The latest manufacturing process shrinks the size of transistors, so hundreds of millions more can be placed on chips. As a result the processors are more powerful and power efficient. The key technology enhancement in Shanghai and Deneb is related to a technique called immersion lithography, which enables AMD to make the drawing of the pattern on the chip a one-step process, instead of the two-step process of more conventional methods, Bill En, manager of logic technology development at AMD, said. The pattern on chips maps the location of transistors, wiring and other components.

The use of immersion lithography is 40% more efficient than using conventional lithography, lowering the cost of making the chip. As a result, AMD said it can pass along some of the savings to customers. "That's the expectation," En said. "If it costs us less to make it, then it will be better for our customers."

The latest chips also contain faster transistors and wire insulation made with a new material called ultra-low-K dielectrics. The material absorbs less energy, so the chips are cooler and are more power efficient, En said. The overall reduction in power consumption is 15%, compared to comparable 65-nm chips.

By shrinking processors through the 45-nm process, AMD is creating more room on the die, which can be used in the future for adding a graphics processor unit. Such CPU/GPU integration at the silicon level is what AMD has planned for a new class of x86 processing, called the accelerated processing unit, or APU. Codenamed Fusion, the first APU is set to ship in the second half of next year.

Nevertheless, AMD is far behind rival Intel in shipping 45-nm chips. Intel started selling such chips for servers and desktops late last year, and released its first 45-nm notebook processors in January.
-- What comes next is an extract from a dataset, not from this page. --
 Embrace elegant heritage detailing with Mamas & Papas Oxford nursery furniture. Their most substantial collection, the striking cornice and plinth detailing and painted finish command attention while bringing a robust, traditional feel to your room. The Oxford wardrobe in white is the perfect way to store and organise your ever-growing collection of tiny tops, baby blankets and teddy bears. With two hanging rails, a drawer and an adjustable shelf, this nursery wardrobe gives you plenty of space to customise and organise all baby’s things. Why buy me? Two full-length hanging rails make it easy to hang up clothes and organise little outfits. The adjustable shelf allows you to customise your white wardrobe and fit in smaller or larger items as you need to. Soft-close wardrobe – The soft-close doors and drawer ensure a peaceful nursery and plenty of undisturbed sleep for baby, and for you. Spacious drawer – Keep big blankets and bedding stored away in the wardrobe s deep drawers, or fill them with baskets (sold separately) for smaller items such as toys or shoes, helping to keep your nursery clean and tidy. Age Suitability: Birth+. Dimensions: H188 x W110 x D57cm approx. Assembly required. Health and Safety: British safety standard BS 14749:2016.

Along with the chip announcement, AMD launched an integrated graphics chipset the 780G, which replaces the previous 690G. The latter was developed by ATI Technologies, which AMD acquired in 2006, but released under AMD.
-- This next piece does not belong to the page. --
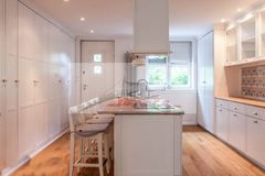 Doskonała lokalizacja w cichej, willowej części Wilanowa, to część która pozwoli w ciszy i spokoju odpocząć od zgiełku miasta, a jednocześnie zapewnia łatwy dojazd do centrum i dostęp do pełnej infrastruktury miejskiej. Segment wnętrze nawiązuje kolorem i wykończeniem do stylu Hampton. Już od wejścia wita nas serce domu, czyli kuchnia z dużą i funkcjonalna wyspa. Prawa ściana to ciąg szaf z wejściem do garażu, który w chwili obecnej pełni role studia nagrań (wnętrze jest całkowicie wyciszone, może pełnić funkcję ustronnego gabinetu). Z kuchni płynnie przechodzimy do salonu połączonego z jadalnią. Dominującym kolorem tej otwartej, ponad 70-cio metrowej przestrzeni jest biel, przełamana ciepłym odcieniem drewnianej podłogi. W salonie uwagę przykuwa kominek oraz duże i wygodne siedzisko pod oknem. Z salonu wyjście do w pełni zagospodarowanego ogródka, a właściwie dużego, przytulnego tarasu, który w okresie wiosenno-letnim znakomicie powiększa przestrzeń mieszkalna. Łazienka dla gości to jedyne pomieszczenie na dolnej kondygnacji gdzie dominuje czerń. Na pierwszym piętrze biel miesza się z innymi kolorami, miedzy innymi szarością. Główna sypialnia posiada własną łazienkę z wanną. Z korytarza wejście do łazienki z prysznicem oraz dwóch, dużych i ustawnych sypialni. Jedna z nich w chwili obecnej wykończona jest na potrzeby nastolatka. Posiada dużą, ponadwymiarową szafę, oraz wyjście na mały balkonik. Na kolejnej kondygnacji dominuje biel. Znajduje się tu duża, oświetlona oknami dachowymi pracownia, oraz dwie, widne, doskonale nadające się na kolejne pokoje, garderoby. Na tym samym piętrze znajduje się również przestronna pralnia z suszarnią. Na podjeździe zaparkują 3 samochody. Całe wnętrze to jasna i unikalna przestrzeń, połączenie stylu i funkcjonalności, zakładające maksimum wygody. Rozkład Parter salon, jadalnia, kuchnia, toaleta, studio nagrań (gabinet), taras

The latest chipset, which is embedded in a motherboard, supports Microsoft's latest graphics technology DirectX 10, which is only in Windows Vista. In addition, 780G uses the ATI-developed unified video decoder for boosting processing speeds to handle high-definition movies, eliminating the need for a separate graphics card, Adam Kozak, product manager for AMD chipsets, said.

The chipset is substantially more powerful than the older 690G with 205 million transistors versus 72 million. "It's a huge leap forward," Kozak said. In addition, the latest chipset uses less than a watt of power while in idle mode, which is 40% less than the previous chipset.

Other advancements include technology called "hybrid graphics," which means the chipset can work in conjunction with a separate graphics card, boosting the performance of the latter 60%, according to Kozak. Older integrated chipsets would automatically shutdown when a separate card was added to the motherboard.

The 780G has been paired with the new SB700, an input/output chip that handles SATA and USB connections to a variety of devices. The SB700 can support up to six SATA connectors and 14 USB connectors, including a dozen that support the USB 2.0 standard.

Finally, the 780G supports DisplayPort, a digital display interface standard that defines a state-of-the-art digital audio/video interconnect intended to be used between a computer and its display monitor or a home-theater system. Manufacturers are not expected to start shipping computers supporting DisplayPort until the second half of the year, Kozak said.

The 780G is made to run with AMD's Phenom quad-core and triple-core chips and its Athlon dual-core processors. Motherboards with the embedded technology are official scheduled to go on sale March 4, but a few Internet retailers offered them over the weekend. "There are sufficient quantities (of the chipset) available," Kozak said. "This is not a paper launch. There's actual product in the channel." Pricing for the motherboards are expected to range from $80 to $120.